WHAT NEEDS TO BE DONE => Reproduce exactly the lines from the one that holds "This paper presents" through the last line of the entries, both ends included, but not the pictures.

[Opening DATA SECTION section]

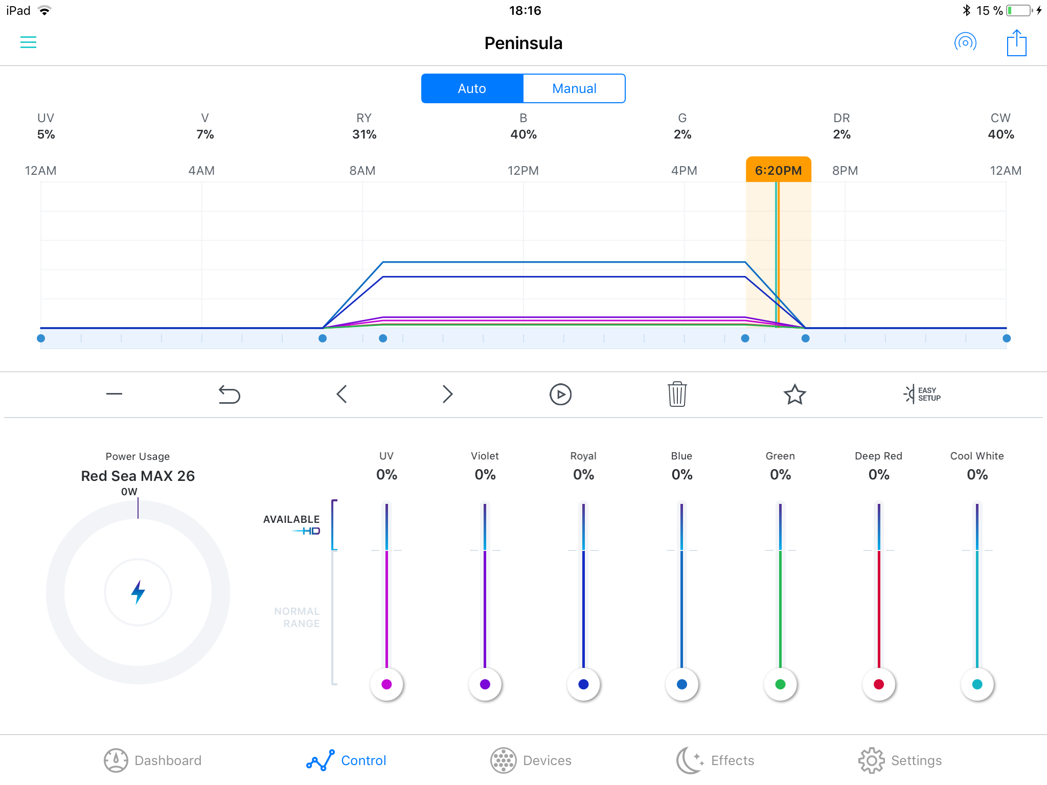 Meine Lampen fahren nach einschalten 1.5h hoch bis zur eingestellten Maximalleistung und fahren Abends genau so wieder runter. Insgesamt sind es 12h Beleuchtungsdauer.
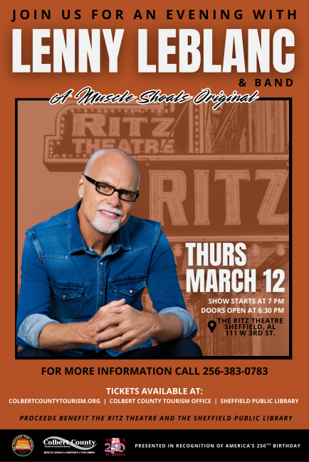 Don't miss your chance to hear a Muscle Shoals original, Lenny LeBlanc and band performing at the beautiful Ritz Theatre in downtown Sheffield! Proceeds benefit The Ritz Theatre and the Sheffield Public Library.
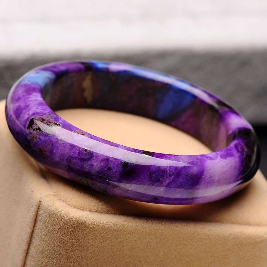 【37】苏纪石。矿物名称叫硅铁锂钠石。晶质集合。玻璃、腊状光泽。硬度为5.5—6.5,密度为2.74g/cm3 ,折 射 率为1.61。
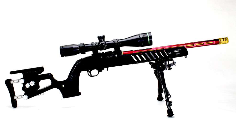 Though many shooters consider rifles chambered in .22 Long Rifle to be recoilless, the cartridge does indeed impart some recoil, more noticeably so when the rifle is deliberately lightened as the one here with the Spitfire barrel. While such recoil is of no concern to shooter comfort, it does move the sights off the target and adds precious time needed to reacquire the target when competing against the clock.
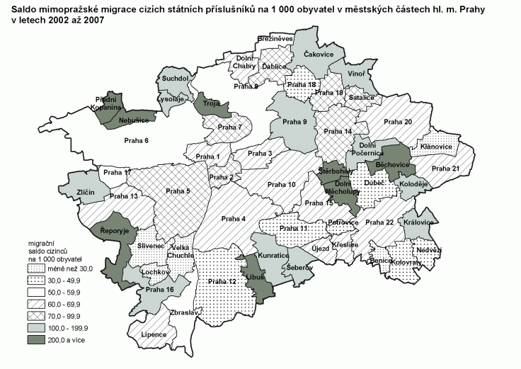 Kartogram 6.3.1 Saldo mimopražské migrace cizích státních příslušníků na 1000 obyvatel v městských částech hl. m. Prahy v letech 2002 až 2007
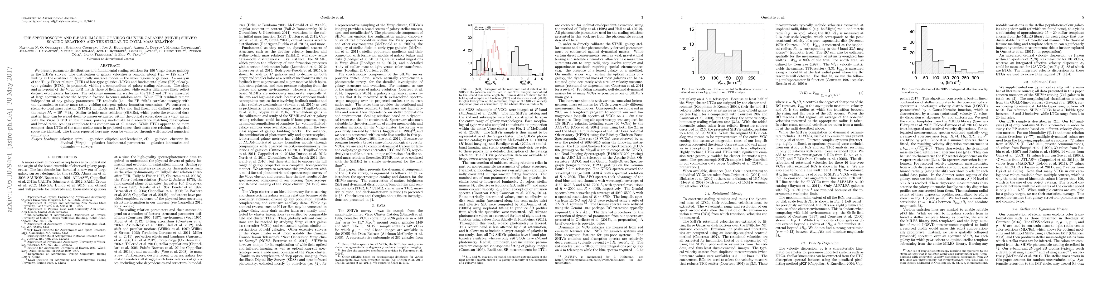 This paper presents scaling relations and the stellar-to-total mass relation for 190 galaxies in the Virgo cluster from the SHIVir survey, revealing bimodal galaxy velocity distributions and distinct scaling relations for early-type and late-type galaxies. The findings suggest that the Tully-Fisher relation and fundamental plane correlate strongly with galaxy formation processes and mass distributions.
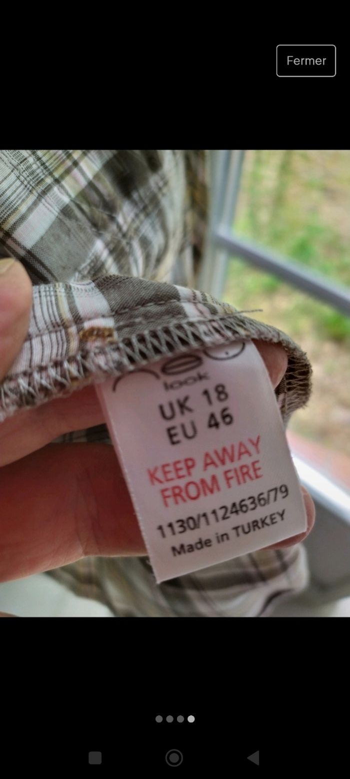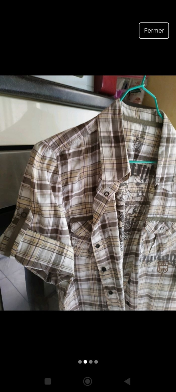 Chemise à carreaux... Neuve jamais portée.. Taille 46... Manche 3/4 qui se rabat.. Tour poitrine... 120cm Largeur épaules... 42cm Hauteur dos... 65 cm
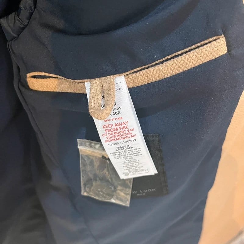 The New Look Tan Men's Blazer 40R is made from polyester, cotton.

[Closing DATA SECTION section]

RESULT OF THIS EXERCISE =>
 This paper presents scaling relations and the stellar-to-total mass relation for 190 galaxies in the Virgo cluster from the SHIVir survey, revealing bimodal galaxy velocity distributions and distinct scaling relations for early-type and late-type galaxies. The findings suggest that the Tully-Fisher relation and fundamental plane correlate strongly with galaxy formation processes and mass distributions.
 Chemise à carreaux... Neuve jamais portée.. Taille 46... Manche 3/4 qui se rabat.. Tour poitrine... 120cm Largeur épaules... 42cm Hauteur dos... 65 cm
 The New Look Tan Men's Blazer 40R is made from polyester, cotton.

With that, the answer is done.